Restano però due sfide. Lato industriale, la Next50 Foundation segnala un settore frammentato e privo di standard comuni, dove l’assenza di coperture Medicare o assicurative riserva l’assistenza avanzata solo a chi può pagarla di tasca propria.

Lato utente, il 60% degli over 50 intervistati da AARP non ritiene la tecnologia attuale pensata per loro, e la privacy è la principale preoccupazione per via dei sensori domestici.

Chi ha finanziato la ricerca sulla sconfitta della morte, da Peter Thiel a certi laboratori californiani di biotecnologia della longevità, parte da una premessa: l’invecchiamento è un bug da correggere. Duemila anni prima, un altro pensatore aveva scelto da che parte stare.
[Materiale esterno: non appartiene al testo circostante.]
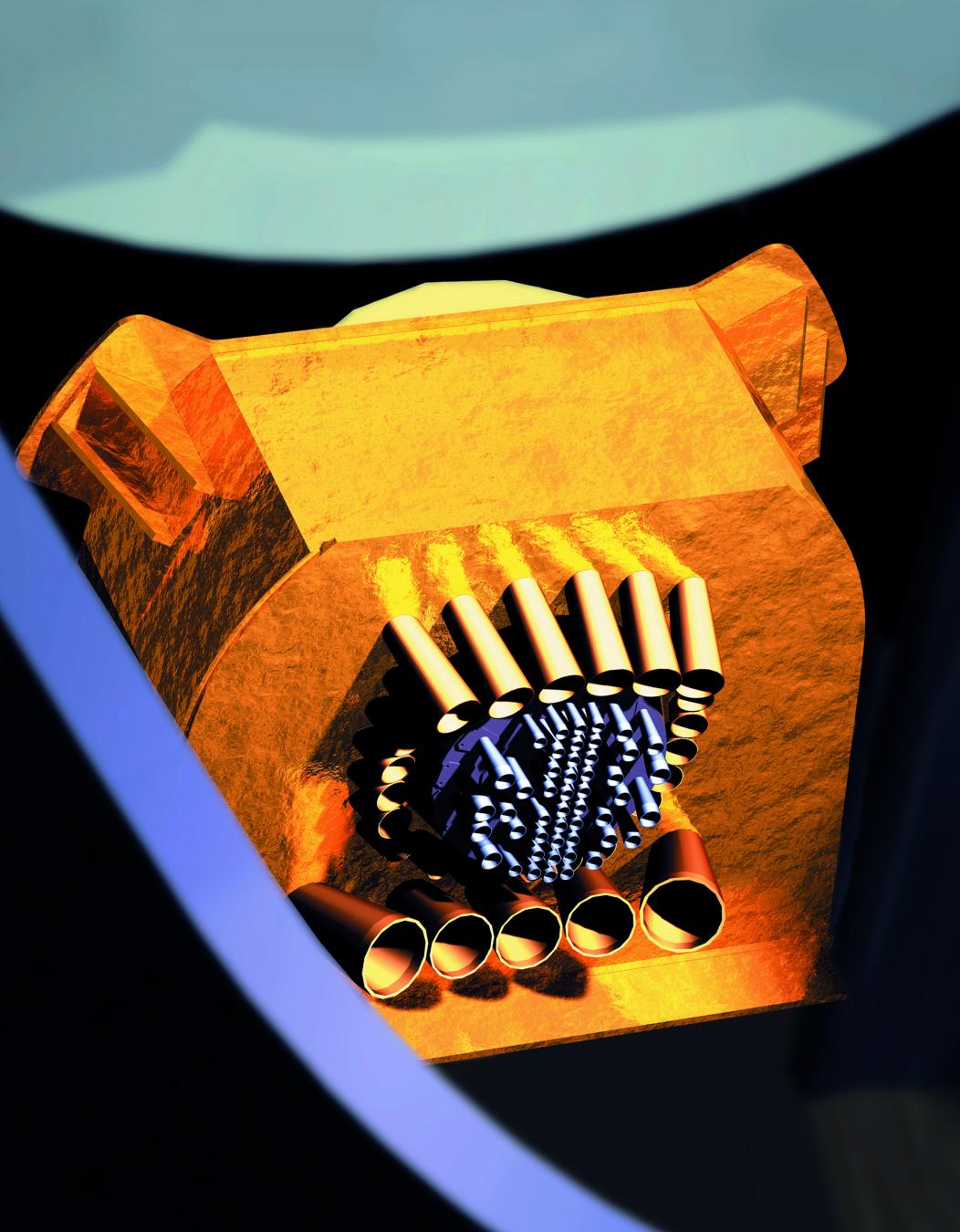 Image shows the focal plane assembly (in orange), which contains several funnel-like horns that collect incoming light. At the top, a mirror is partially visible (in grey) and, at the bottom, part of the shield (in blue).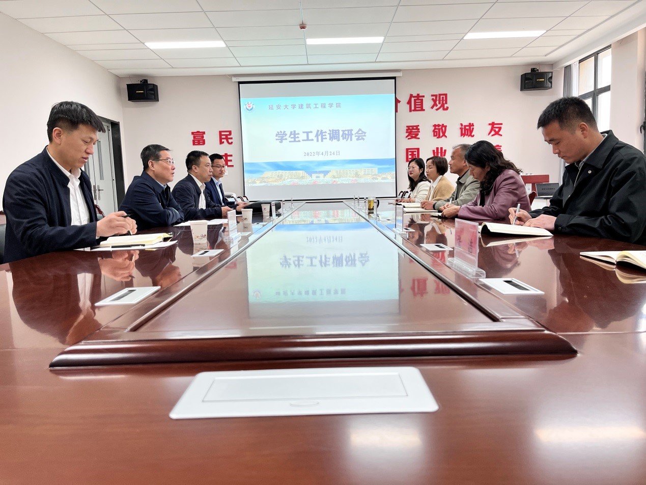 本网讯 4月24日上午,校党委副书记陈华,学工部部长张翔、副部长王彦杰、赵鹏飞来我院调研学生管理和就业工作。学院党委书记赵耀锋、院长杨红霞、副书记李宁以及全体辅导员参加了调研座谈会。会议由学工部部长张翔主持。

Nel De Senectute, Cicerone non punta a sconfiggere la vecchiaia. Al contrario, la accetta e la difende come età della saggezza, non come nemico da abbattere. È la stessa scelta di fondo tra due modelli oggi in competizione, quello di chi investe miliardi per rendere la morte facoltativa, e quello, più terreno, di chi progetta un water che segnala un’anomalia o un cucciolo robotico che allevia una notte di demenza. Il transumanesimo vuole cancellare il limite. L’aging tech, nella sua versione migliore, prova solo a renderlo più abitabile: non è un dettaglio da poco.